Which GPU for Which LLM? A Per-Model Hardware Cheat Sheet

Name: Which GPU for Which LLM? A Per-Model Hardware Cheat Sheet
Item: ZOTAC Gaming GeForce RTX 3060 Twin Edge OC 12GB GDDR6 192-bit 15 Gbps PCIE 4.0 Gaming Graphics Card, IceStorm 2.0 Cooling, Active Fan Control, Freeze Fan Stop ZT-A30600H-10M
Author: Mike Perry

A model-by-model VRAM, quantization, and tokens-per-second cheat sheet for building a local LLM rig in 2026.

By Mike Perry · Published 2026-06-13 · Last verified 2026-07-25 · 14 min read

Match GPU to LLM with real VRAM math, quantization trade-offs, and tokens/sec benchmarks across 7B, 13B, 34B, and 70B on a 3060 and up.

Match the GPU to the model, not the marketing tier. As of 2026, a 12GB ZOTAC RTX 3060 12GB runs 7B and 13B weights at q4 fully on-die at 25-45 tokens/sec; a 16GB card is the floor for a 34B at q4; a 24GB card is required for a 70B at q4 without offload. Anything smaller than the model's actual VRAM footprint spills to system RAM and collapses to single-digit tokens/sec. Everything below expands that mapping into a per-model cheat sheet with real numbers.

Why model-specific hardware matching beats generic advice

Most "best GPU for AI" articles stop at "get more VRAM." That's not wrong, but it isn't actionable when you're staring at a 7B Mistral checkpoint on Hugging Face and trying to decide whether the $290 MSI RTX 3060 12GB on your shelf will run it. The answer isn't a card tier — it's a math problem tied to the specific model you're running, the quantization you're willing to accept, and the context window you actually need.

Local LLM performance is dominated by one hard constraint: does the model fit in VRAM. When it fits, you get GPU throughput (tens of tokens per second on a 3060; hundreds on a 4090). When it spills to system RAM even one gigabyte over, the offloaded layers execute on CPU cores, and total throughput drops by an order of magnitude regardless of how fast the GPU is. The transition isn't gradual — a 12.1GB model on a 12GB card runs 5-8× slower than the same 11.9GB model on the same card. That cliff is why per-model matching matters more than raw VRAM budgeting.

The other half of the story is the KV cache. Model weights are static; the KV cache grows with every token you feed the model. At 2K context on Llama 3 8B it costs about 1GB; at 32K context it costs about 8GB — three times the weights of a q4 quantization. Long-context workloads (RAG over PDFs, extended chat, agent tool loops) can double the VRAM budget you'd guess from the model card. That's why a 13B model that "fits" a 12GB card at 4K context OOMs the same card at 16K context — a surprise that a generic "12GB is enough for 13B" recommendation completely misses.

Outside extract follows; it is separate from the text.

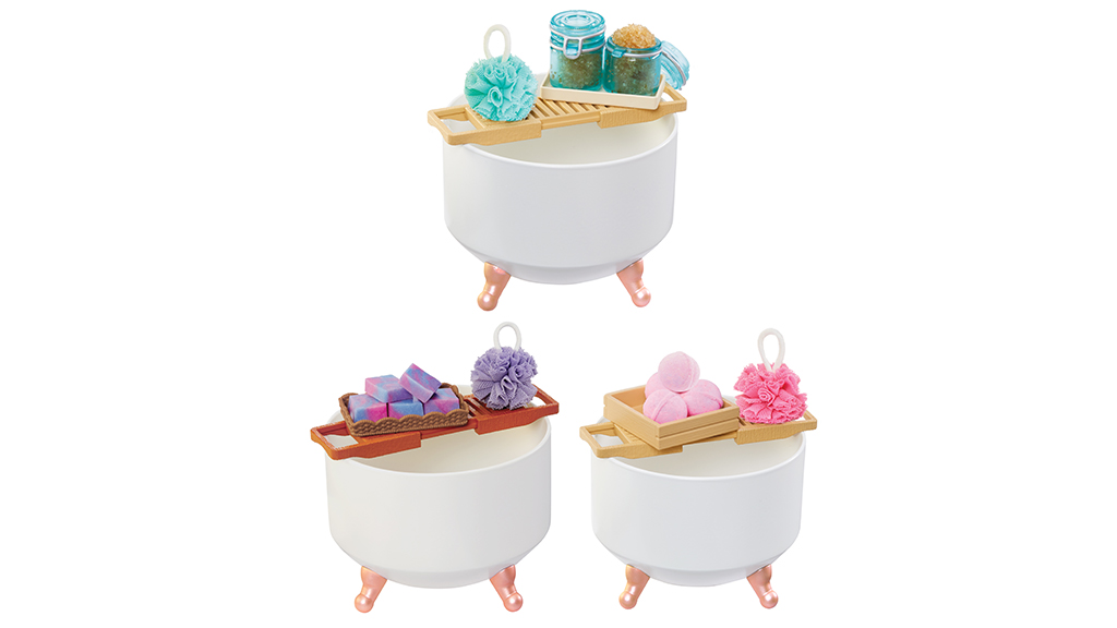 Tyto tajemné, kulovité kapsle obsahují skutečné, funkční spa produkty v miniaturizované podobě. Děti mohou používat směsné prášky, vonný olej, mísu na míchání, formy, lufu, bednu a spa držák k výrobě čtyř koupelových bomb, dvou cukrových peelingů a jednoho mýdla, které lze rozdělit na menší mýdla. Kapsle také slouží jako displej pro vanu, takže si děti mohou zařídit své vlastní malé spa, pokud produkty nepoužijí ihned.

This guide walks the math, then maps it to the four SKUs we stock most heavily for AI rigs: the ZOTAC RTX 3060 12GB, the MSI RTX 3060 12GB, the AMD Ryzen 7 5800X for offload-heavy or CPU-only paths, and the AMD Ryzen 5 5600G for a budget starter box with iGPU display so all the discrete VRAM stays free for the model.

Key takeaways

A 12GB RTX 3060 comfortably runs 7B and 13B models at q4, hits its ceiling around 20B at q4, and needs CPU offload for anything larger.
VRAM required = (params × bytes-per-param) + KV cache + ~500MB overhead. Do this math before buying, not after.
Quantization from fp16 to q4 cuts weights to 25% of size with typically <2% quality loss on standard benchmarks — the single highest-leverage optimization.
KV cache scales linearly with context length. Long-context work needs 30-100% more VRAM than the weight math alone.
A strong CPU (Ryzen 7 5800X class) rescues offloaded models; a weaker chip turns them into a slideshow.
Two mid-tier GPUs rarely beat one properly-sized GPU for single-user inference.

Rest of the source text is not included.